Ähnlich ungenau ist der Anspruch formuliert, dass die vom Arbeitsmarktservice (AMS) eingesetzten Instrumente überprüft werden sollen, ob diese Arbeitssuchende eh effizient genug beim Sprung ins Berufsleben stützen beziehungsweise antreiben. Konkreter liest sich eine einzelne Verschärfung der Zumutbarkeitsbestimmungen: Arbeitslose, die Kinder unter zehn Jahren zu betreuen haben, müssen künftig 20 statt 16 Wochenstunden verfügbar sein, wenn passende Kinderbetreuungsmöglichkeiten zur Verfügung stehen.
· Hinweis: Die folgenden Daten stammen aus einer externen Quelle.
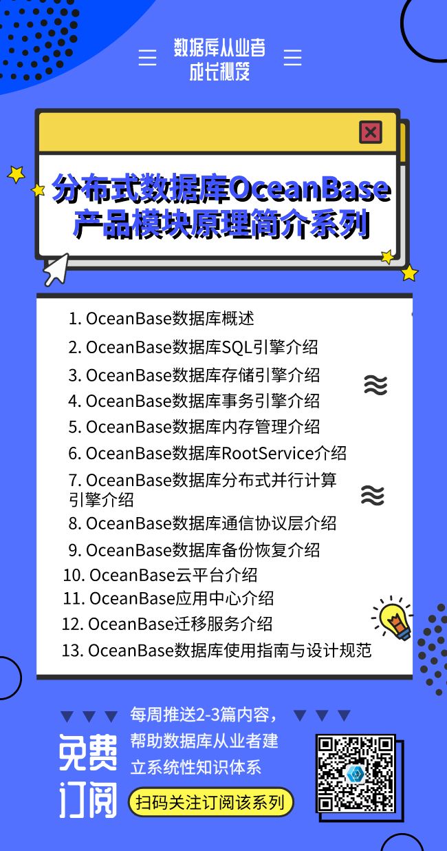 Tips:关注OceanBase公众号回复“产品原理”获取OceanBase产品模块原理简介系列已发布的7篇文章合集(该系列持续更新中)。

Sozialpartner dürfen mehr mitreden

Was schon in vielen politischen Arbeitsprogrammen stand, findet sich auch bei Türkis-Grün wieder: Jobsucher beider Geschlechter sollen in den für sie untypischen Metiers gefördert werden – Frauen in technischen Berufen, Männer in pädagogischen und sozialen Berufen.

Überdies verschreibt sich die Regierung dem Kampf gegen den Fachkräftemangel. So soll die Lehre mit einer Reihe von Maßnahmen aufgewertet werden – etwa indem die "Durchlässigkeit" zu anderen Bildungswegen erhöht wird.
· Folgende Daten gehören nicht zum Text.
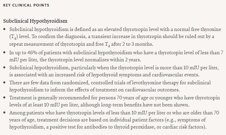 La práctica médica actual recomienda tratar a adultos con hormonas tiroideas cuando los niveles de hormona estimulante de la tiroides (TSH) son superiores a 10 mUI /L, el nivel de hormonas tiroideas es normal (el conocido hipotiroidismo subclínico o HSC) y los anticuerpos antitiroideos son positivos. Sin embargo, una guía de practica clínica reciente recomienda NO hacerlo salvo contadas excepciones (embarazadas o deseo de embarazo, jóvenes por debajo de 30 años, síntomas importantes y niveles de TSH > 20mIU/L).

Ein Novum: Kurzarbeit soll nicht nur bei wirtschaftlichen Schwierigkeiten, sondern auch bei der Umstellung von Betrieben auf ökologische und klimafreundliche Produktionsweisen oder digitaler Umrüstung zur Sicherung von Beschäftigung möglich sein.

Auffällig ist überdies: Während Türkis-Blau die (roten) Arbeitnehmervertreter weitgehend ignoriert hat, sollen die Sozialpartner nun offenbar wieder stärker eingebunden werden. Das gilt für die Einführung eines Zeitwertkontos, um längere Auszeiten vom Job zu ermöglichen, ebenso wie bei der Etablierung eines Bildungskontos, das berufliche Umorientierung, Aus- und Weiterbildung sozial absichert.
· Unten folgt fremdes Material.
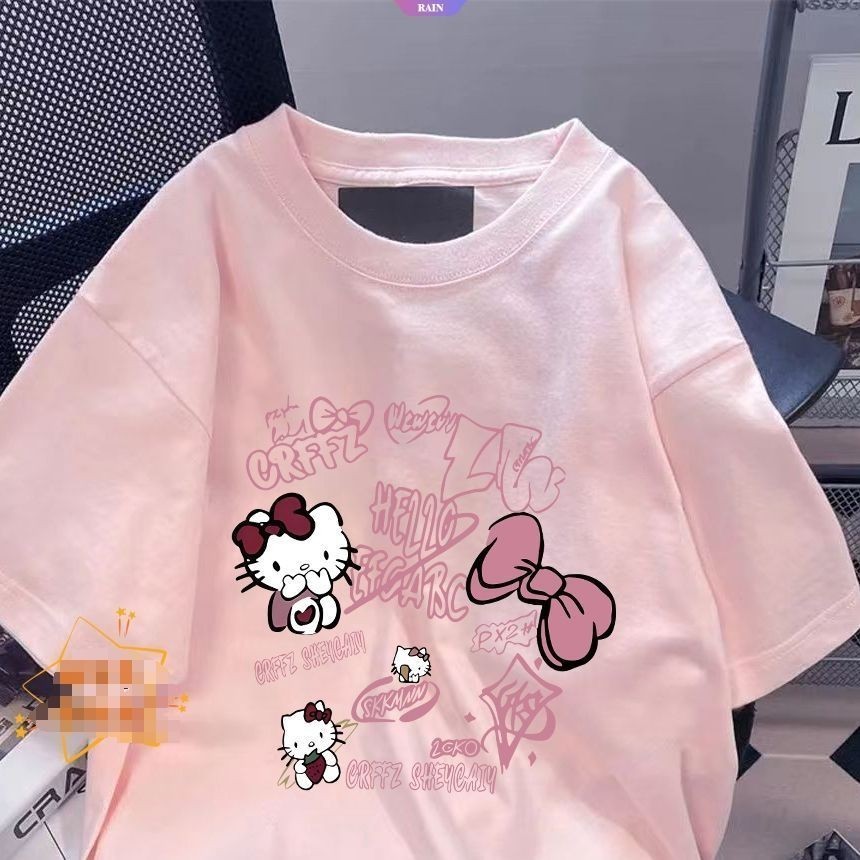 Camisa Summer Ins New Sanrio HelloKit De Verão Camiseta De Manga Curta Versão Coreana Feminina De Meia

Nicht fix ist eine weitere Lohnnebenkostensenkung. Hier ist nur von einer Prüfung die Rede, Leistungsreduktionen werden als Konsequenz ausgeschlossen.

Arbeit in neuen Händen

Die vielleicht markanteste Änderung betrifft die Kompetenzverteilung: Künftig wird nicht mehr das Sozialministerin für die Arbeitsmarktpolitik zuständig sein, sondern ein neues Ministerium für Arbeit, Familie und Jugend unter der Führung der ÖVP-Politikerin Christine Aschbacher. Der neue grüne Sozialminister Rudolf Anschober verliert damit viel Spielraum zum Gestalten. Sein Budget bleibt zwar hoch, ist aber – Stichwort Pensionen – zu einem Gutteil an Fixausgaben gebunden. (Gerald John, 2.1.2020)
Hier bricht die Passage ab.